# HPI Descriptors-definitions



## codingwithkelly

I'd like to know if there's any documentation as to what each discriptor means and examples.  Obvious is location, duration, severity, mod fact and as&s.  We are disagreeing on the quality, timing and context.  I have a "cheat sheet" I've been using for years but cant remember where I got it.  Since it's a provider who is disagreeing with me I need the hard proof!  Any ideas or web links you can offer would be great!  Thanks.


----------



## LLovett

HPI is a chronological description of the development of the patient's present illness from the first sign and/or symptom or from the previous encounter to the present. HPI elements are:
•
Location. For example, pain in left leg;
•
Quality. For example, aching, burning, radiating;
•
Severity. For example, 10 on a scale of 1 to 10;
•
Duration. For example, it started three days ago;
•
Timing. For example, it is constant or it comes and goes;
•
Context. For example, lifted large object at work;
•
Modifying factors.

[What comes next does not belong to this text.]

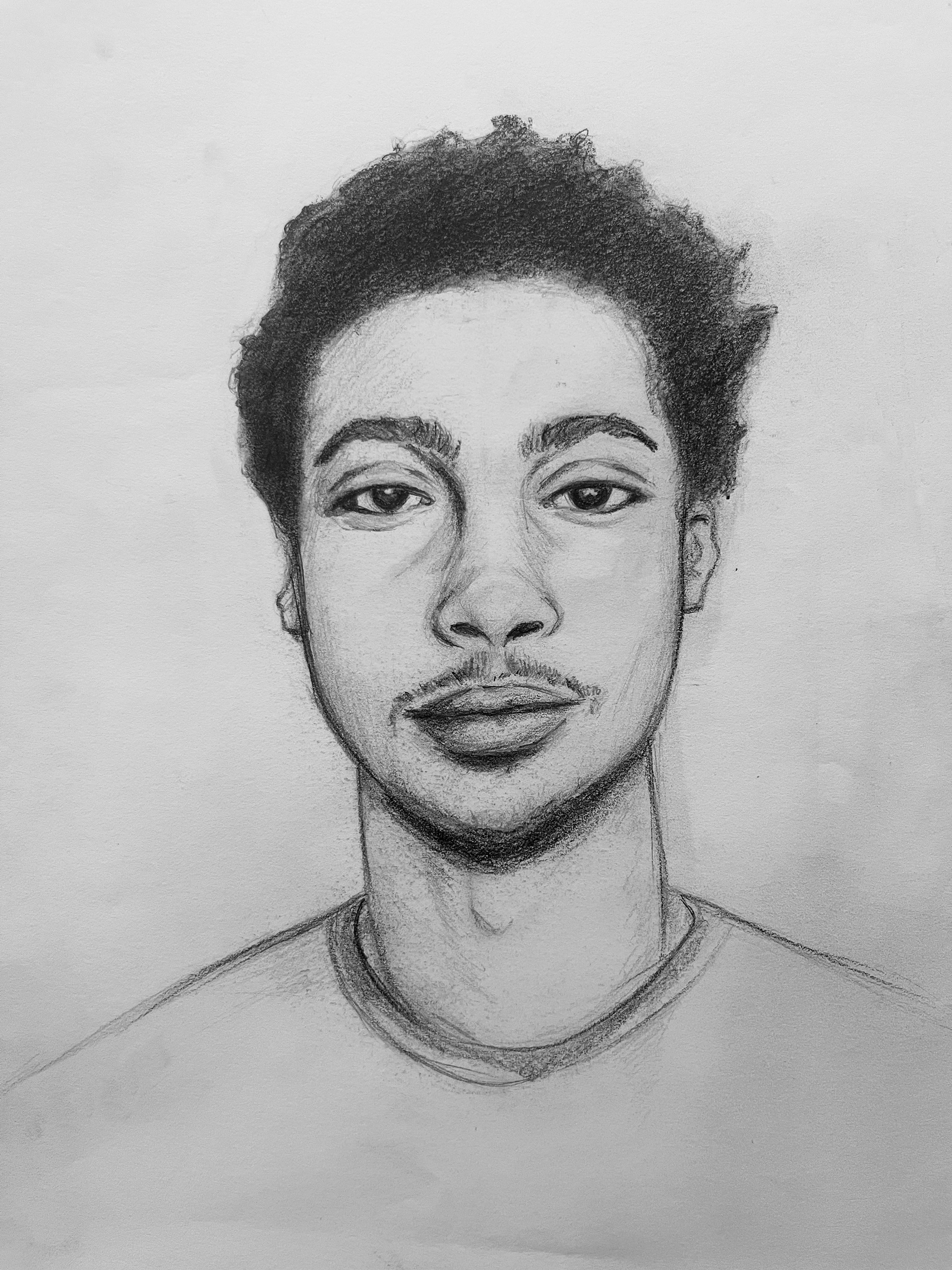 In order to create this piece, I had to use blending stumps and multiple kinds of graphite pencils. For the darkest parts of the portrait, I used an 8B, and for the lightest, I used a 2H pencil. These allowed me to create a realistic portrait drawing of the music artist, Bad Bunny.

For example, it is better when heat is applied; and
•
Associated signs and symptoms. For example, numbness.

This is from cms, here is the link 

http://www.cms.hhs.gov/MLNProducts/downloads/eval_mgmt_serv_guide.pdf


Laura, CPC


----------



## FTessaBartels

*Hpi*

Here's what I picked up from a recent seminar:
The 8 elements in the HPI are as follows:
LOCATION - *where* - the site, diffuse or localized
QUALITY - *what kind *- sharp, dull, constant, intermittent, improved/worsening
SEVERITY - *how bad is it* - pain scale 1-10, mild or severe
DURATION - *how long* - length of time it has been present
TIMING - *is there a pattern *- continuous or repetitive
CONTEXT - *what brings it on *- does it occur with a specific activity
MODIFYING FACTORS - *what makes it better or worse* - prior treatment or medication tried
ASSOC SIGNS & SYMPTOMS - *what comes with it* - symptoms that accompany the main complaint - could be negative (no pain, or no fever)

Hope that helps.

F Tessa Bartels, CPC, CEMC


----------



## codingwithkelly

Tessa ~  

Thank you.  That was what I was looking for.  What seminar was it?  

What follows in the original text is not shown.